--- SUPPLIED INFORMATION Enclosed Below ---

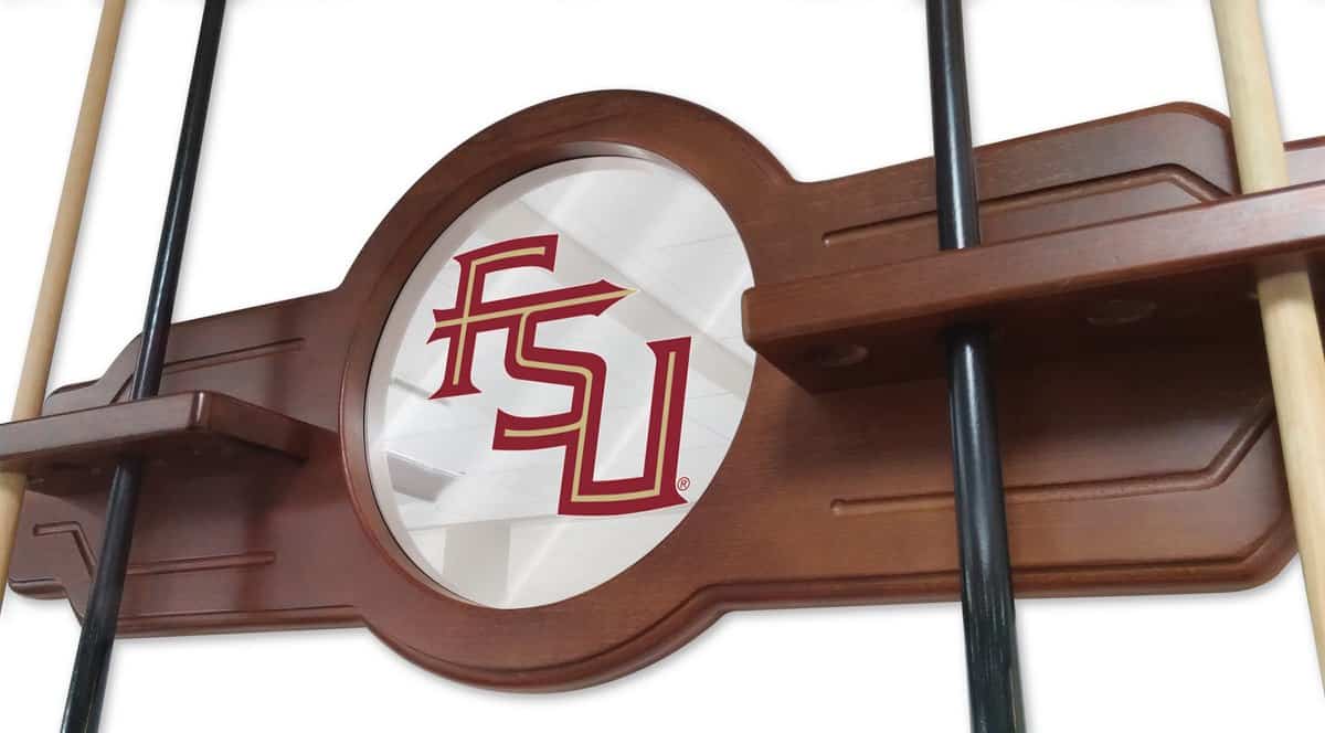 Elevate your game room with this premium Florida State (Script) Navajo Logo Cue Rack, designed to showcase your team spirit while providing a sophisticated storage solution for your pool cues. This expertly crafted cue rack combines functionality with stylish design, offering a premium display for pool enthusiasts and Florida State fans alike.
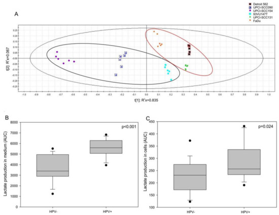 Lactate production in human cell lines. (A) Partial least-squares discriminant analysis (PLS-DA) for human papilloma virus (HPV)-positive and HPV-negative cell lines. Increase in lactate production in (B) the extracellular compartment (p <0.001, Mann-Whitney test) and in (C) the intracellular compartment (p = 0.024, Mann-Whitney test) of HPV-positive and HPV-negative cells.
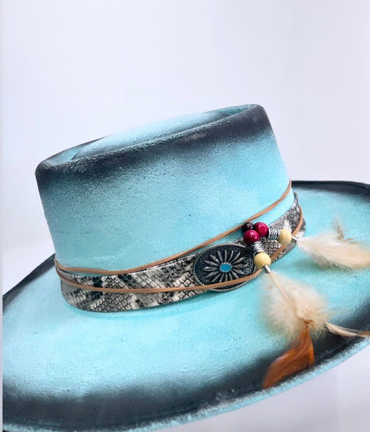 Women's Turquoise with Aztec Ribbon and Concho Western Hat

--- End of Enclosed SUPPLIED INFORMATION ---

### BRIEF
Only the pictures are to be left out; the rest of the material above should be printed verbatim.

### ANSWER SPACE
 Elevate your game room with this premium Florida State (Script) Navajo Logo Cue Rack, designed to showcase your team spirit while providing a sophisticated storage solution for your pool cues. This expertly crafted cue rack combines functionality with stylish design, offering a premium display for pool enthusiasts and Florida State fans alike.
 Lactate production in human cell lines. (A) Partial least-squares discriminant analysis (PLS-DA) for human papilloma virus (HPV)-positive and HPV-negative cell lines. Increase in lactate production in (B) the extracellular compartment (p <0.001, Mann-Whitney test) and in (C) the intracellular compartment (p = 0.024, Mann-Whitney test) of HPV-positive and HPV-negative cells.
 Women's Turquoise with Aztec Ribbon and Concho Western Hat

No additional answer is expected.